06-15-2017, 11:01 PM
An enemy who gets in, risks the danger of becoming a friend.
A wind rises up off the waves and blows both a scent and sea spray into his face.
“I could,” he admits, knowing that he had been lonely too long but not sure how much of a companion he could be to her. Nothing had ever been the same since Spark’s change and the hills became something else, something other than he thought them to be and everything else became just a memory. “But I may not be the best company…” he warns her, not sure why it was necessary to say that but something in him found himself too drawn to the way she seemed to come out of rock and tide like a thing imagined, lank-kneed but almost, almost like… no, he tells himself with the slightest shake of his head, pretending to shake off the sea spray so she’d not notice the things that moved in his mismatched eyes (shadows and ghosts, and a mare of slim soft build).
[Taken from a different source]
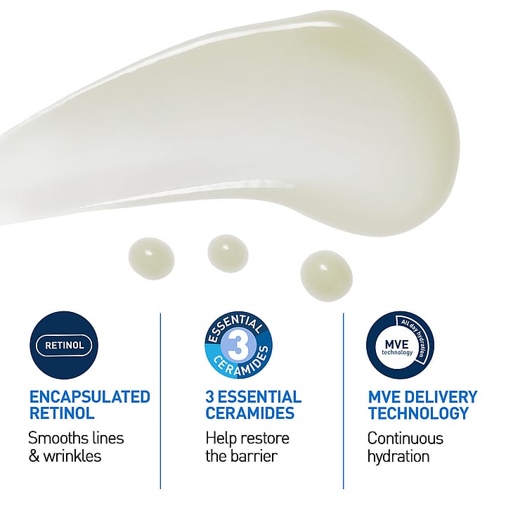 Fugtgivende retinol serum reducerer linjer og rynker.
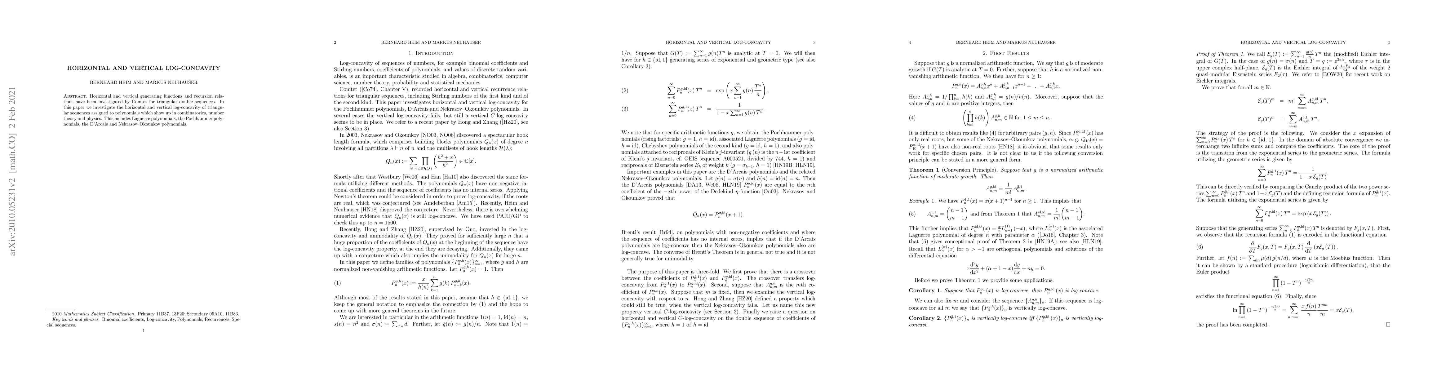 Horizontal and vertical generating functions and recursion relations have been investigated by Comtet for triangular double sequences. In this paper we investigate the horizontal and vertical log-concavity of triangular sequences assigned to polynomials which show up in combinatorics, number theory and physics. This includes Laguerre polynomials, the Pochhammer polynomials, the D'Arcais and Nekrasov--Okounkov polynomials.

He does not turn away from the brine that pelts him, but his nostrils reach for the scent of the horse that threads itself through the notes of salt and seawater. His lungs grab for the female smell that he recognizes and his mismatched eyes squeeze shut to another time and a place, a place that heard no song of the sea but of grass and wind, waves of deep green instead of the blue-black of a bruise.
How could he miss her so much?
It makes his heart constrict, a boa that squeezes then bites and he has to remember to breathe. But that smell is growing closer, edging out the brine that rims his nostrils in glistening droplets that slide against the length of his whiskers (he was ever a hairy beast!) before sliding off and splattering the sand, unnoticed and sucked back into the larger sum of tide that sucked at his feet planted deep in the sand. The sea could have swallowed him up if he let it, but she came close and closer still and provided him with a distraction even though the remembrance threatened to pull him back.
His gaze goes to her, to track the path of pale flax along her neck to the dangling damp ends that hung just above the sand beneath her small sure feet. She knows this beach better than he does, as he looks beyond her to the rocky monolith that had just been her perch as if she was a strange bird that kept watch of things only the sea and she knew about - things, that only he could guess at as his eyes came back to her as she spoke to him, his ears catching the lilt of her voice amidst the wind and the waves.